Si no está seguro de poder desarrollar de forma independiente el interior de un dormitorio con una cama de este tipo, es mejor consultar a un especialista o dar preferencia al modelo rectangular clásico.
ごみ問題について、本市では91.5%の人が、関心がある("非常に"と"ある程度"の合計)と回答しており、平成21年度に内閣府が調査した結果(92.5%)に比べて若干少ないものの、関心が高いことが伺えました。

┄┄┄┄┄┄

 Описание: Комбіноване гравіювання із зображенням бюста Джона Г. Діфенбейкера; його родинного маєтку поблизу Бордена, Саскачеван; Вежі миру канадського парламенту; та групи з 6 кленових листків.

┄┄┄┄┄┄

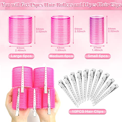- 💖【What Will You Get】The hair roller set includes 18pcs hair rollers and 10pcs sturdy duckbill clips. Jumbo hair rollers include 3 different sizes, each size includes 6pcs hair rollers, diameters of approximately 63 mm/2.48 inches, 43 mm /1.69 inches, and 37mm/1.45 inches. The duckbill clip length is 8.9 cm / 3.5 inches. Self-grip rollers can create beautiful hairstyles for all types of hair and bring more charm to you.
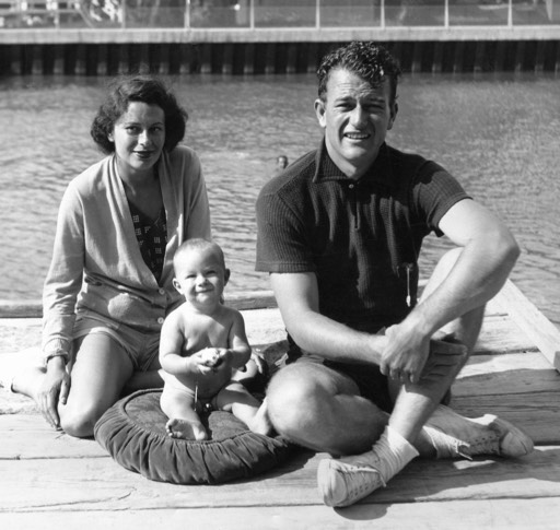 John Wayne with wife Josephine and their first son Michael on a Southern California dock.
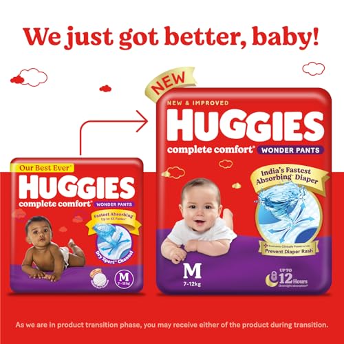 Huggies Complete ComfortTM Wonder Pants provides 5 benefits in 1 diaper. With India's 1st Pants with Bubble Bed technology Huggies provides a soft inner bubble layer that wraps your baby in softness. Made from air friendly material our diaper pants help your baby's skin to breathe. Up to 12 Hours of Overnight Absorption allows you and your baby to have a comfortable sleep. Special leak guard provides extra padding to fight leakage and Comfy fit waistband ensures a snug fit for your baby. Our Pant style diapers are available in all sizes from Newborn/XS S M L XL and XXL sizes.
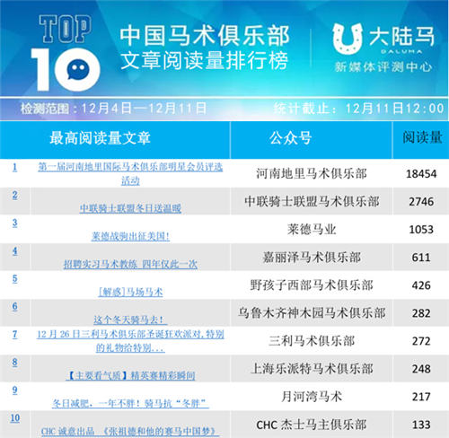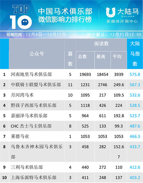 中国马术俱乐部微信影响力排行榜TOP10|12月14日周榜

┄┄┄┄┄┄

**The problem**.
Your answer should be the exact lines above from the one with "Si no está seguro" through the one with "ごみ問題について、本市では9", both included, and nothing besides.

**Answer for the task**.
Si no está seguro de poder desarrollar de forma independiente el interior de un dormitorio con una cama de este tipo, es mejor consultar a un especialista o dar preferencia al modelo rectangular clásico.
ごみ問題について、本市では91.5%の人が、関心がある("非常に"と"ある程度"の合計)と回答しており、平成21年度に内閣府が調査した結果(92.5%)に比べて若干少ないものの、関心が高いことが伺えました。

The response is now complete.